Work item: Retype nothing except the lines below from the one with "Фирменное ПО Bloody" through the one with "硕美科为G927设计的驱动程", exactly, with images left out.

*** Material supplied Section Begins ***

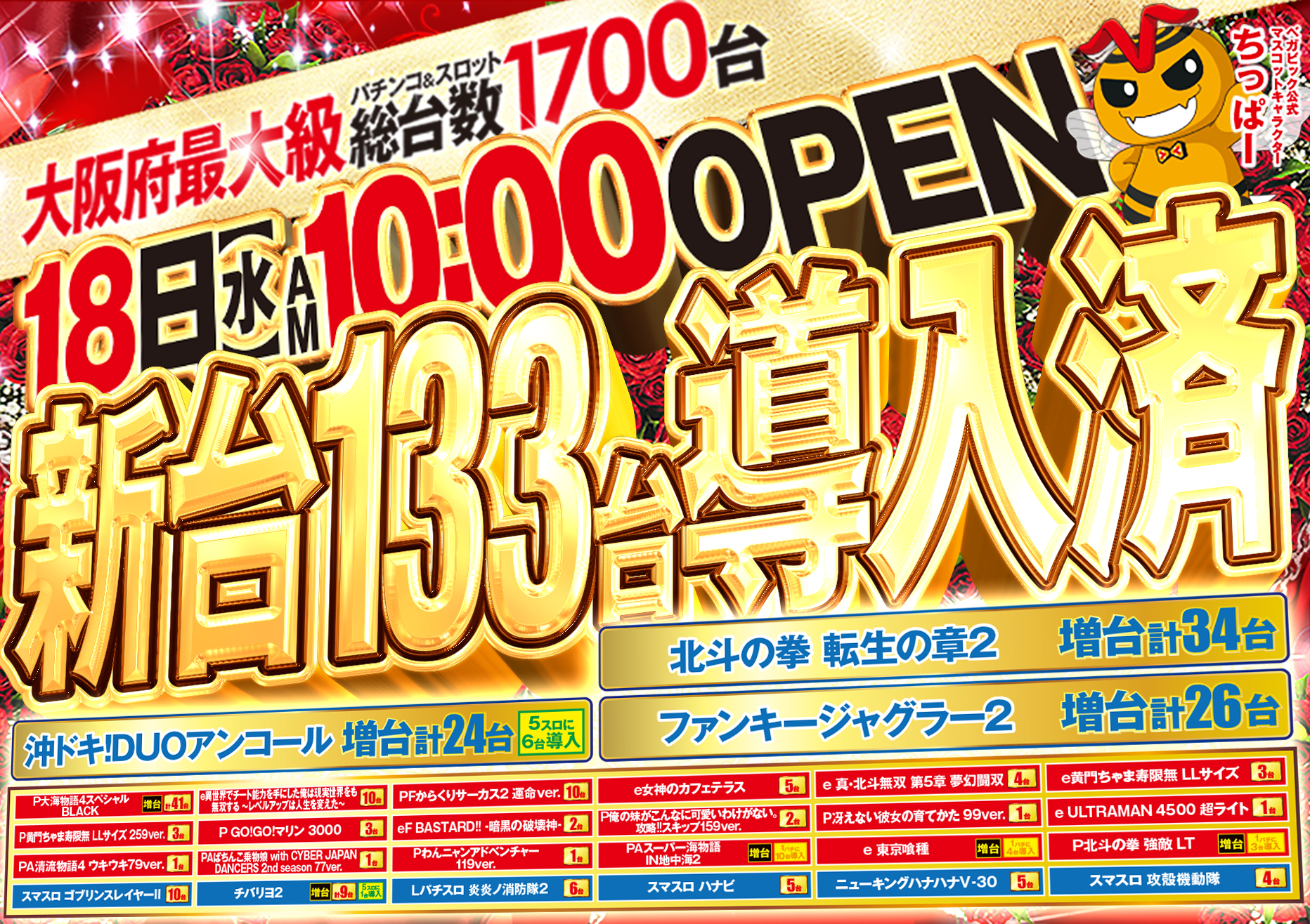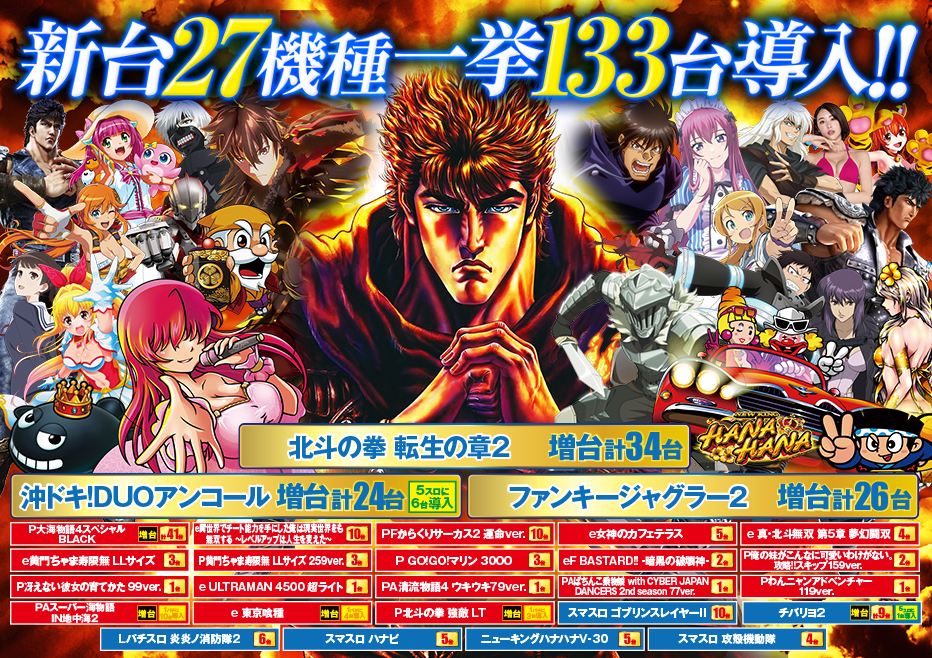 | 定休日 | 不定期(新台入替時お休みを頂く場合があります) |
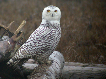 The piercing gaze of a Snowy Owl and a White-tailed Ptarmigan in winter plumage spotted near Hart's Pass. |
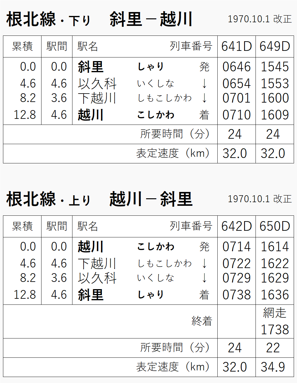 時刻表は1970年10月改正のもの。2往復!
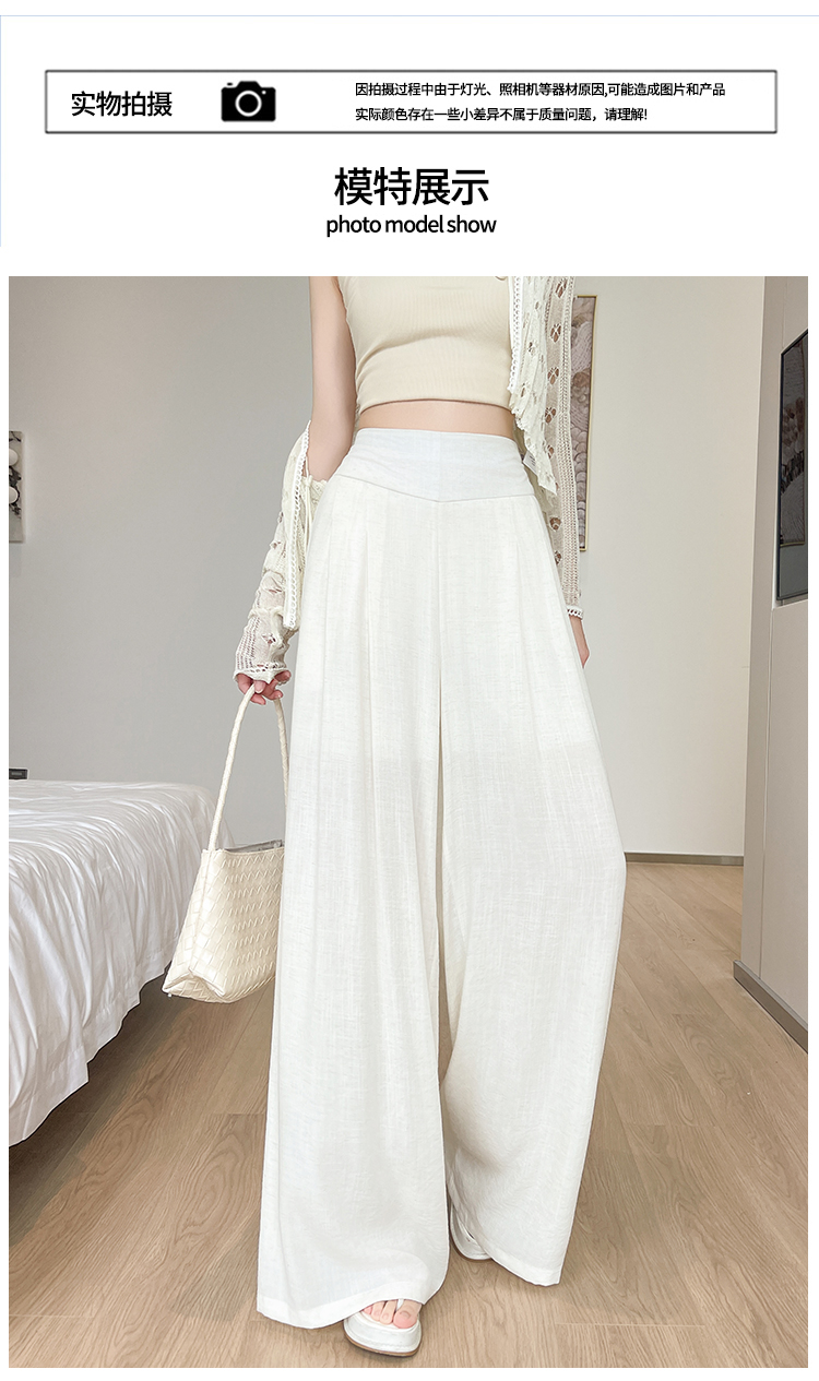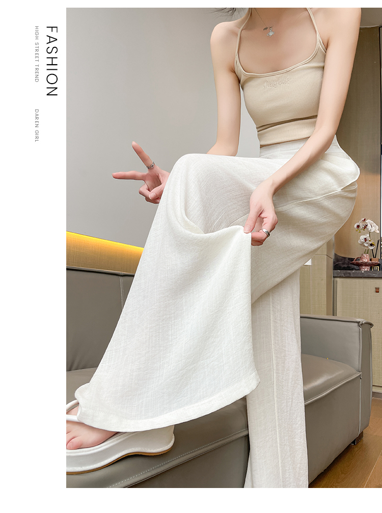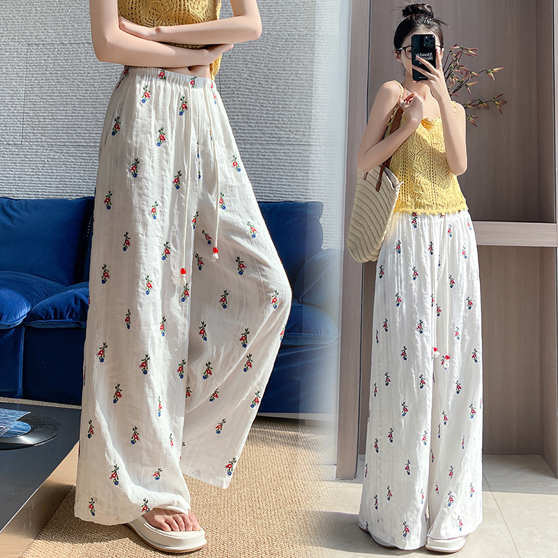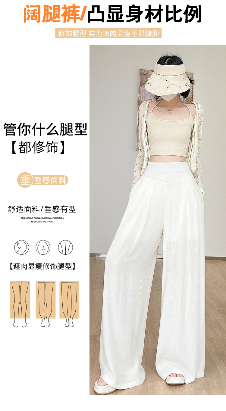 한국 스타일 얼음 실크 자수 아시아 인 면 린넨 와이드 레깅스 바지 2026 여름 얇은 스타일 하이웨이스트 슬림해 보이는 벽오동 스트레이트 긴 바지
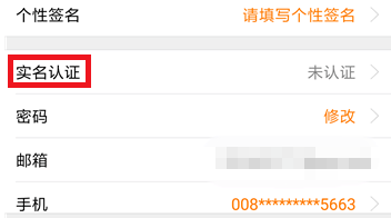 点击编辑后会进入到个人资料界面中,可以看到实名认证后方显示的是未认证,点击【实名认证】。
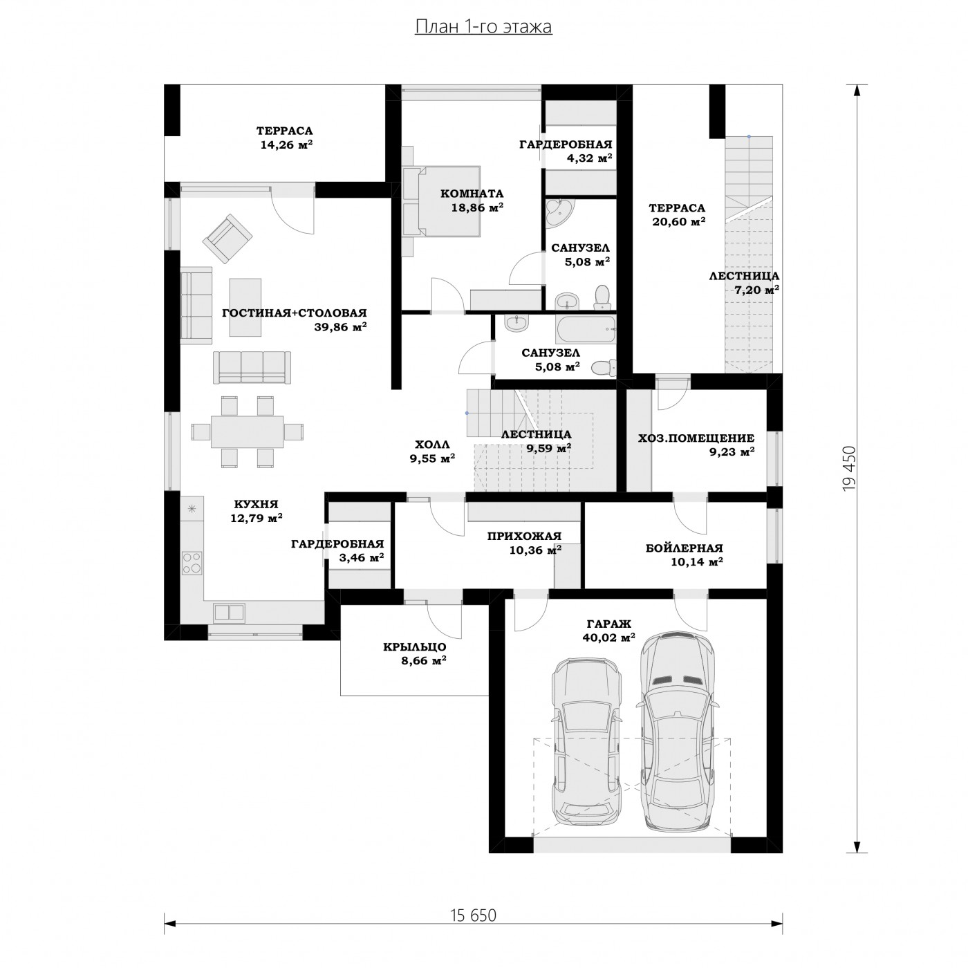Дом 19 на 16 с плоской крышей и гаражом идеально подходит для участка со средней шириной. Объект представлен в виде L-образной постройки, благодаря чему он имеет оригинальный вид.
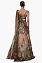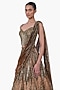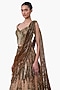 Featuring an antique gold lehenga saree in net base with embellishment. It is paired with an embroidered corset blouse having a sculpted neckline and a fluid drape pallu. Accentuate it with statement chandelier or diamond earrings, an embellished clutch and strappy metallic heels for a graceful ensemble, ideal for engagement ceremonies, sangeet nights, or elegant evening celebrations.
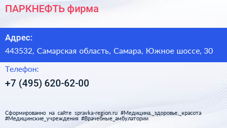 ПАРКНЕФТЬ, фирма по адресу 443532, Самарская область, Самара, Южное шоссе, 30 в дальнейшем Организация, размещена в следующих категориях:
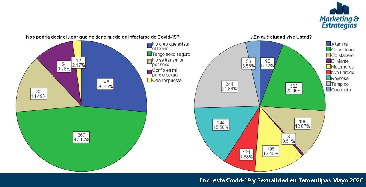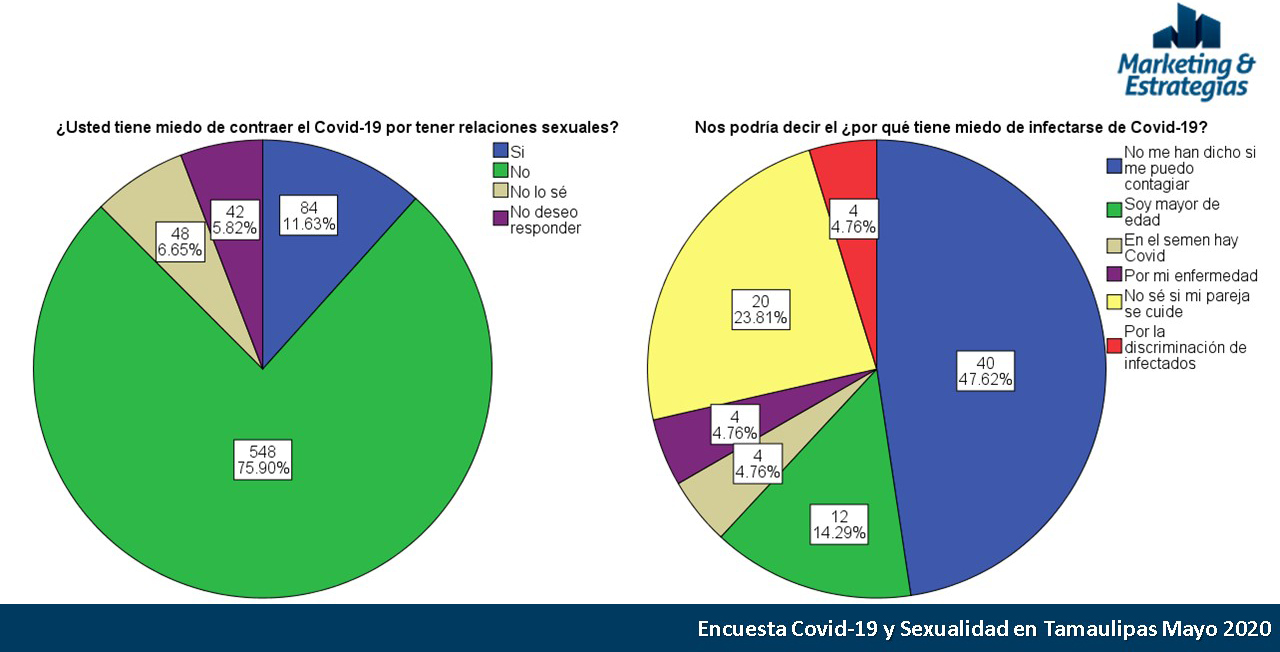 En contraparte, del 11.6 por ciento que indicó tener miedo de contagiarse por Covid-19 por mantener relaciones sexuales, un 47.6% argumentaba que no tiene información sobre si mantener relaciones sexuales pudiera contagiarlo, el 14.3% indicaba que temía porque era mayor de edad, mientras que el 23.8% señaló que le daba miedo al no tener la certeza si su pareja sexual se cuidaba.
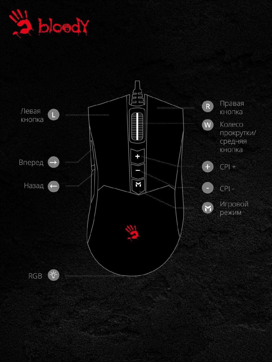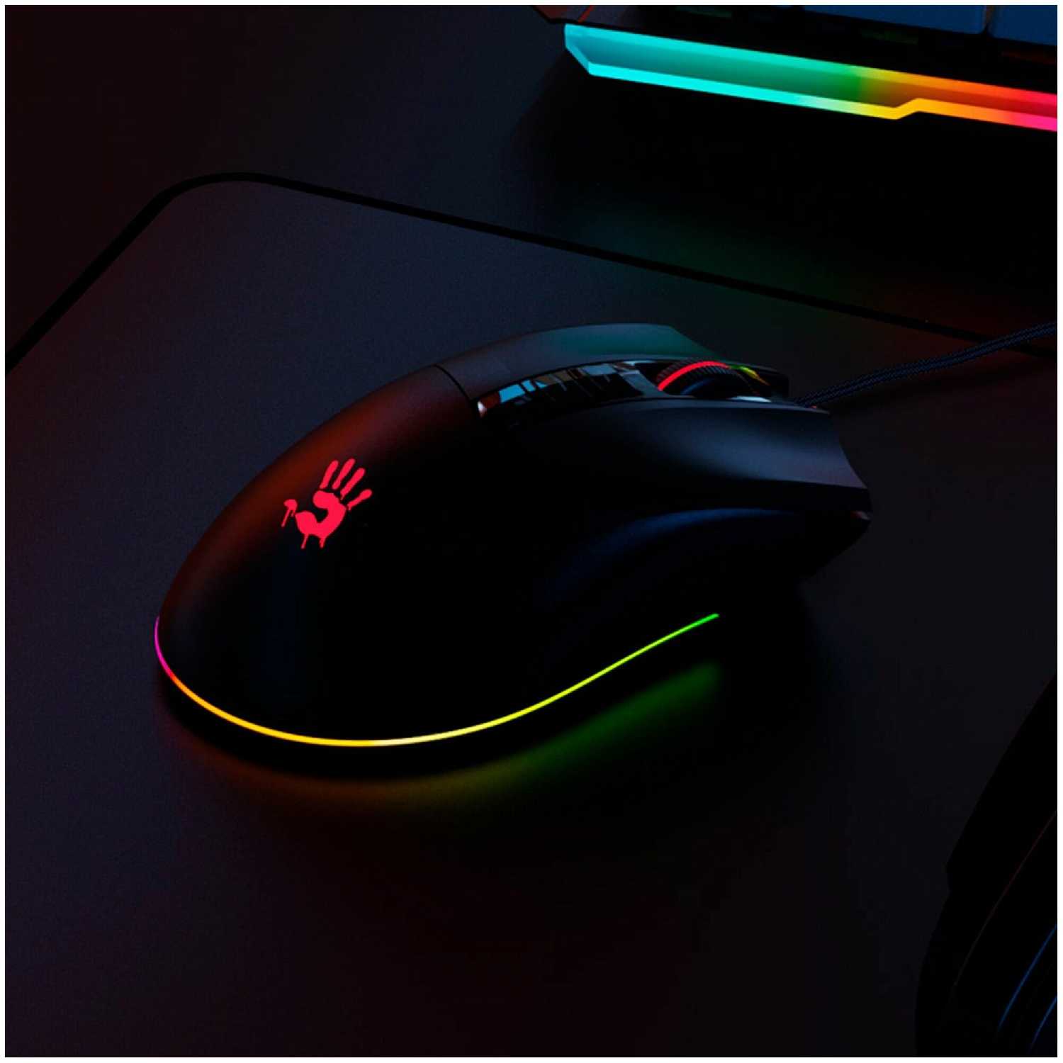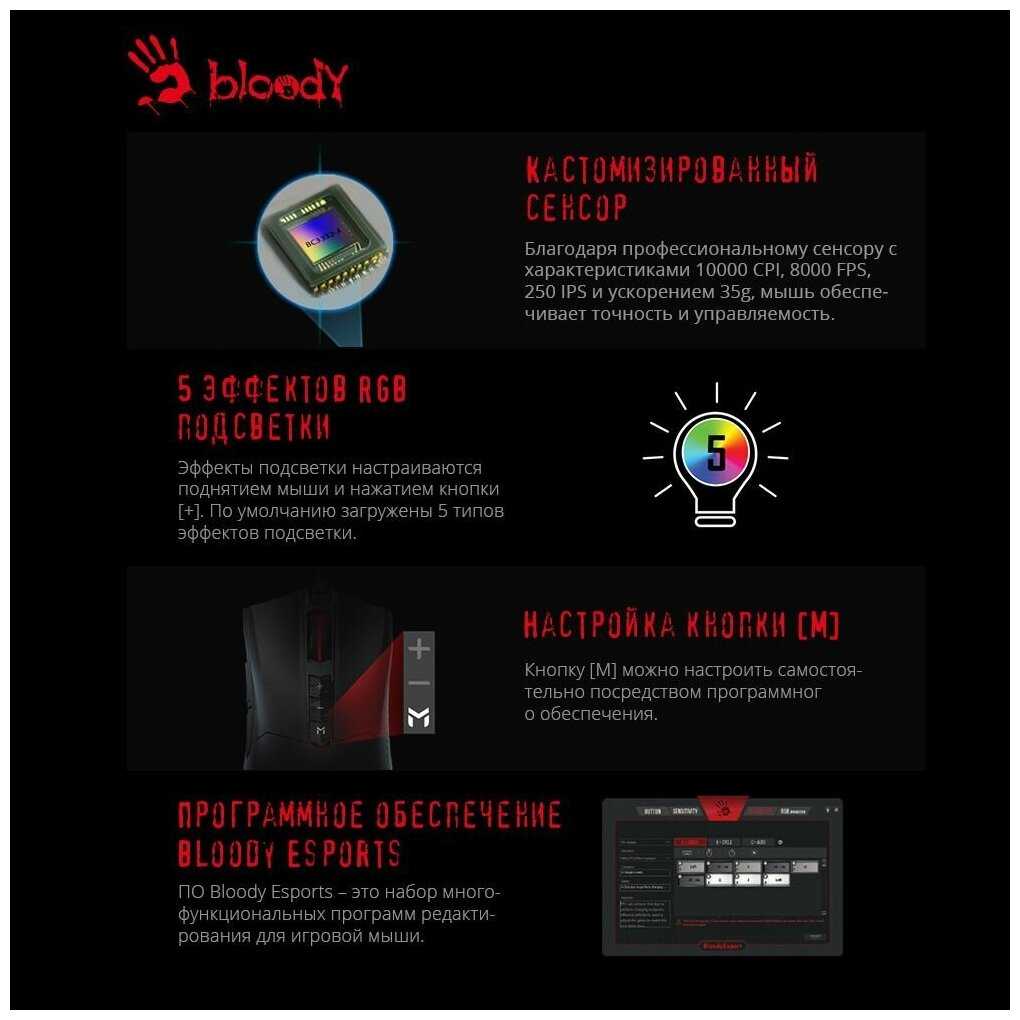 Фирменное ПО Bloody Esports позволяет детально настраивать RGB-подсветку (индивидуально для 15 зон), назначать макросы на 7 программируемых кнопок и регулировать LOD (высоту отрыва сенсора). Однако интерфейс переведён только на английский, а анимации подсветки сбрасываются после переподключения. Пользователи хвалят возможность сохранять профили во встроенной памяти мыши, но критикуют отсутствие функции полного отключения подсветки без софта. Кнопки под корпусом для смены DPI и частоты опроса удобны, но их расположение провоцирует случайные нажатия при активном движении.
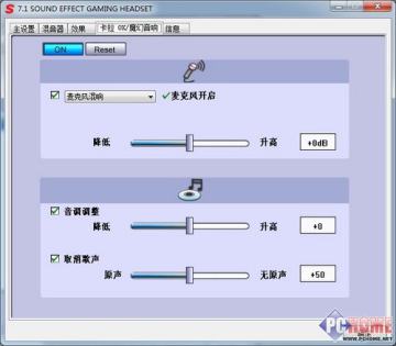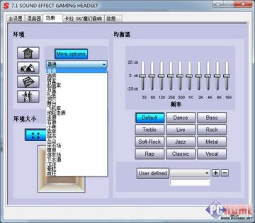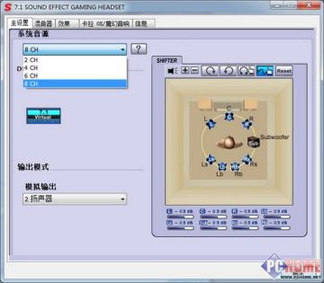 硕美科为G927设计的驱动程序界面比较友好,各种设置一目了然,符合G927这款耳机精工细作的风格。“主设置”下可以方便的设置耳机输出的声道数,从双声道到7.1声道完全可以有玩家自己控制。
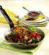 Add lemon slices and olives and cook for about 5 minutes. Season to taste and if necessary arrange with fresh herbs. Ribbon noodles taste good with it
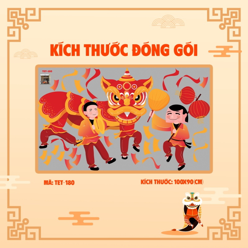 Decal tết gia đình ngựa và thần tài múa lân đón xuân
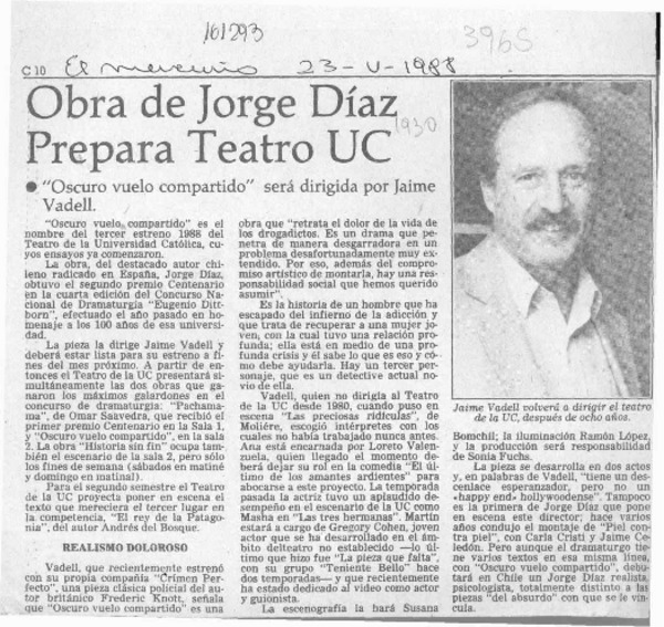 El Teatro UC estrena obra de Jorge Díaz [artículo].

*** Material supplied Section Ends ***

Answer space:
 Фирменное ПО Bloody Esports позволяет детально настраивать RGB-подсветку (индивидуально для 15 зон), назначать макросы на 7 программируемых кнопок и регулировать LOD (высоту отрыва сенсора). Однако интерфейс переведён только на английский, а анимации подсветки сбрасываются после переподключения. Пользователи хвалят возможность сохранять профили во встроенной памяти мыши, но критикуют отсутствие функции полного отключения подсветки без софта. Кнопки под корпусом для смены DPI и частоты опроса удобны, но их расположение провоцирует случайные нажатия при активном движении.
 硕美科为G927设计的驱动程序界面比较友好,各种设置一目了然,符合G927这款耳机精工细作的风格。“主设置”下可以方便的设置耳机输出的声道数,从双声道到7.1声道完全可以有玩家自己控制。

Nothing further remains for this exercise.